Trump’s hostility towards China and commitment to tariffs on Sino-American trade affected the currencies of both countries. There was increased demand for USD and a corresponding decrease in demand for CNH. In turn, this caused the USD dollar to appreciate against the CNH, which resulted in the USDCNH rising.


Market volatility around Trump’s more aggressive tweets tends to be high. As the chart above shows, there was a massive spike in the very next candle following his tweet, and the (ATR) increased tremendously.

When the price “whipsaws” — moves very quickly back and forth — like this, a trader may need to set a wider stop loss than usual. In the above example, adopting this tactic would mean the trader avoids being “whipsawed” out of the trade by the spike.

Combine insights from both the economic calendar and Trump’s twitter feed and open a trade with Exness today

Pro-Trader Tip: A trailing stop loss can maximise favourable trends


“Going to New York. Will be with Prime Minister Abe of Japan tonight, talking Military and Trade. We have done much to help Japan, would like to see more of a reciprocal relationship. It will all work out!”

Donald Trump, 1:52 pm – 23 Sep 2018


Trump and Japan: 4:52am, 24 September 2018 (GMT+7)



On 23 September 2018, Trump announced that he was hoping for a mutually favourable outcome to his meeting with Japanese Prime Minister Shinzō Abe. The positive content of this tweet resulted in the Japanese yen strengthening, and thus the USDJPY dropping.


In a similar reaction to Trump’s negative tweet about China, his positive tweet about Japan resulted in market volatility. The ATR shot up and there was also some strong whipsaw price action. As with the “Trump and China” scenario, setting a wider stop loss in these conditions helps to avoid being whipsawed out of trades by wide price fluctuations.

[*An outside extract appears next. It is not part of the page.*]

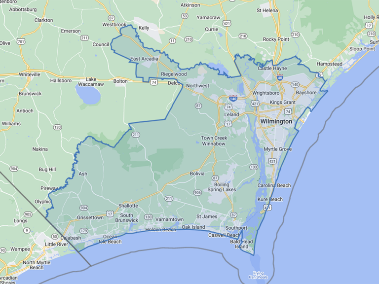 Autumn Hall, Bayshore, Brunswick Forest, Carolina Beach, Castle Hayne, Compass Pointe, Forest Hills, Hampstead, Jacksonville, Kure Beach, Landfall, Leland, Myrtle Grove, Northchase, Ogden, Pine Valley, Porter's Neck, Surf City, Topsail, Waterford, Wilmington, Wrightsboro, Wrightsville Beach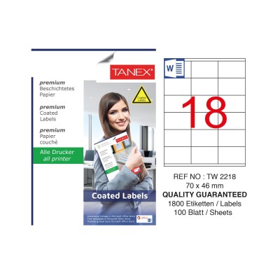 Tanex TW-2218 70x46mm Kuşe Lazer Etiket 100 Lü Paket

A trader could also employ a trailing stop loss. This strategy ensures that the trader can take full advantage of the big moves that tend to occur during such volatile events. For example, after Trump’s tweet about Japan, the price did not fall for a short period — it plunged downwards. A trailing stop loss helps a trader to ride the price movement all the way, which is especially useful if they manage to forecast the direction correctly.

Read our expert guide to trading currency pairs in a Trump trade war.

Pro-Trader Tip: Only Trade When You See Opportunity


“Wow, I made OFF THE RECORD COMMENTS to Bloomberg concerning Canada, and this powerful understanding was BLATANTLY VIOLATED. Oh well, just more dishonest reporting. I am used to it. At least Canada knows where I stand!”

Donald Trump, 11:37 am – 31 Aug 2018



Trump and Canada: 2:37 AM – 1 Sep 2018 (GMT+7)


This confrontational tweet, regarding Trump’s stance towards Canada, may have been expected to impact the US and Canadian dollar. In its aftermath, there was volatility as the USDCAD spiked down and up and the ATR shot up too. However, it was price movement without a clear opportunity to enter the market.

Don’t trade when there is volatility, but no clear opportunity. In this instance, while Trump’s tweets towards Canada again showed his ability to cause market volatility, it did not represent an obvious currency pair trading opportunity. In forex, it is as important to know when not to trade, as it is to know when the market is right for you.